### Provided records
##############################

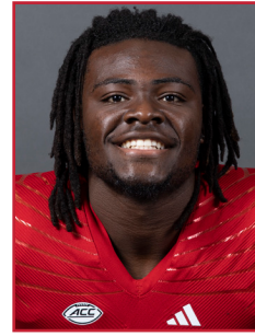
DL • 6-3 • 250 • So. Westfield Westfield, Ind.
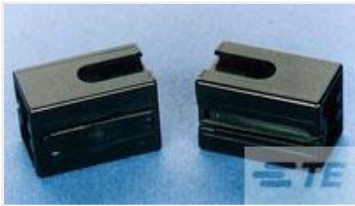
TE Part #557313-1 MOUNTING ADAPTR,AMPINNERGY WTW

##############################

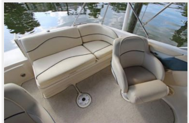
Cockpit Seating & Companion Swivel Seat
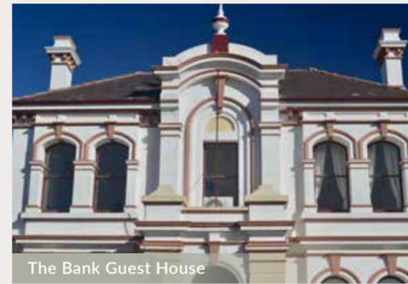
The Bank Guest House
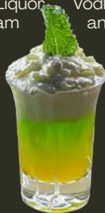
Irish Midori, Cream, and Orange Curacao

##############################

### Exercise details
All that should be printed is the run of lines above from the one with "DL • 6-3 • 250" through the one with "TE Part #557313-1", both included, exactly as given, with pictures left out.

### Solution to this task
DL • 6-3 • 250 • So. Westfield Westfield, Ind.
TE Part #557313-1 MOUNTING ADAPTR,AMPINNERGY WTW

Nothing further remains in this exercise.